Study material:
^^^^^^^^
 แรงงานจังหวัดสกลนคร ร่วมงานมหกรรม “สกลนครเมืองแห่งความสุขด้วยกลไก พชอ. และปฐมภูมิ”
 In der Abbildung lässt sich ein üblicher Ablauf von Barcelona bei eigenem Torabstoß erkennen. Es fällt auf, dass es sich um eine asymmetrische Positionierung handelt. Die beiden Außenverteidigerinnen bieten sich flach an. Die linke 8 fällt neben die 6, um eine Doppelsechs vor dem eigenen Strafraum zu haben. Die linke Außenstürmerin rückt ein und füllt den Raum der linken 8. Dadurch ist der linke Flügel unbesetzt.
^^^^^^^^
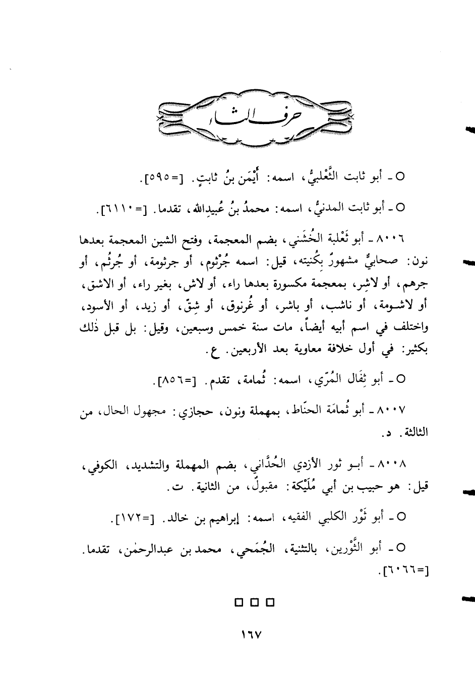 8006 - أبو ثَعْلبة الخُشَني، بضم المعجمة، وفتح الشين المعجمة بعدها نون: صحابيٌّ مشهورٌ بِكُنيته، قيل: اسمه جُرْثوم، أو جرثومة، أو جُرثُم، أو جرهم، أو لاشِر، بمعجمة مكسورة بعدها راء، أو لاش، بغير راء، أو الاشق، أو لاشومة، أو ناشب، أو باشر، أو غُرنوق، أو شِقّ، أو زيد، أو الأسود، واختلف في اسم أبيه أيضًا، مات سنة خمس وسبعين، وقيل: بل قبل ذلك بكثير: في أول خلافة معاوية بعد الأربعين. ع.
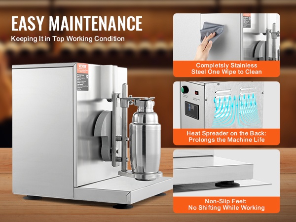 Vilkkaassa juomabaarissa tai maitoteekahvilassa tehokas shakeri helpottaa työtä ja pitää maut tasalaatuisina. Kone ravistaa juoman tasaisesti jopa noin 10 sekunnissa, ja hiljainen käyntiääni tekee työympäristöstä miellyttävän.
^^^^^^^^
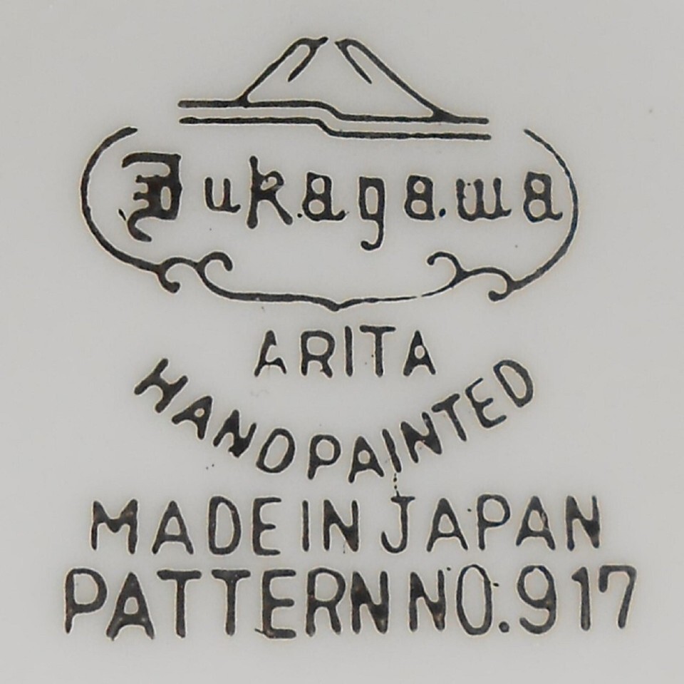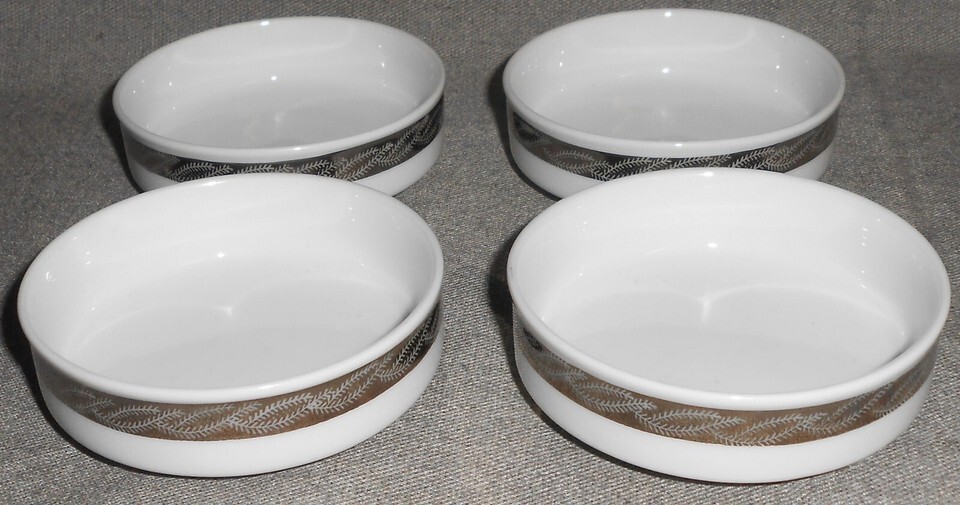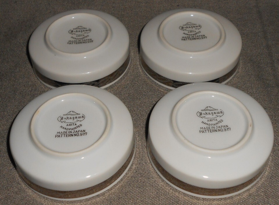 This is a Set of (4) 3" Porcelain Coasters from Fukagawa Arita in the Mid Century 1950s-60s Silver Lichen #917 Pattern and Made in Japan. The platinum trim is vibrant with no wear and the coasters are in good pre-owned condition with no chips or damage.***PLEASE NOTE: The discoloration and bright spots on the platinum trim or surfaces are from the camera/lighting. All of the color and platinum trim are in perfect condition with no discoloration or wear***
^^^^^^^^
Your assignment: Give again the stretch of the entries above that begins at the line with "8006 - أبو ثَعْلبة" and ends at the line with "Vilkkaassa juomabaarissa tai", word for word, with no pictures.

Answer section:
 8006 - أبو ثَعْلبة الخُشَني، بضم المعجمة، وفتح الشين المعجمة بعدها نون: صحابيٌّ مشهورٌ بِكُنيته، قيل: اسمه جُرْثوم، أو جرثومة، أو جُرثُم، أو جرهم، أو لاشِر، بمعجمة مكسورة بعدها راء، أو لاش، بغير راء، أو الاشق، أو لاشومة، أو ناشب، أو باشر، أو غُرنوق، أو شِقّ، أو زيد، أو الأسود، واختلف في اسم أبيه أيضًا، مات سنة خمس وسبعين، وقيل: بل قبل ذلك بكثير: في أول خلافة معاوية بعد الأربعين. ع.
 Vilkkaassa juomabaarissa tai maitoteekahvilassa tehokas shakeri helpottaa työtä ja pitää maut tasalaatuisina. Kone ravistaa juoman tasaisesti jopa noin 10 sekunnissa, ja hiljainen käyntiääni tekee työympäristöstä miellyttävän.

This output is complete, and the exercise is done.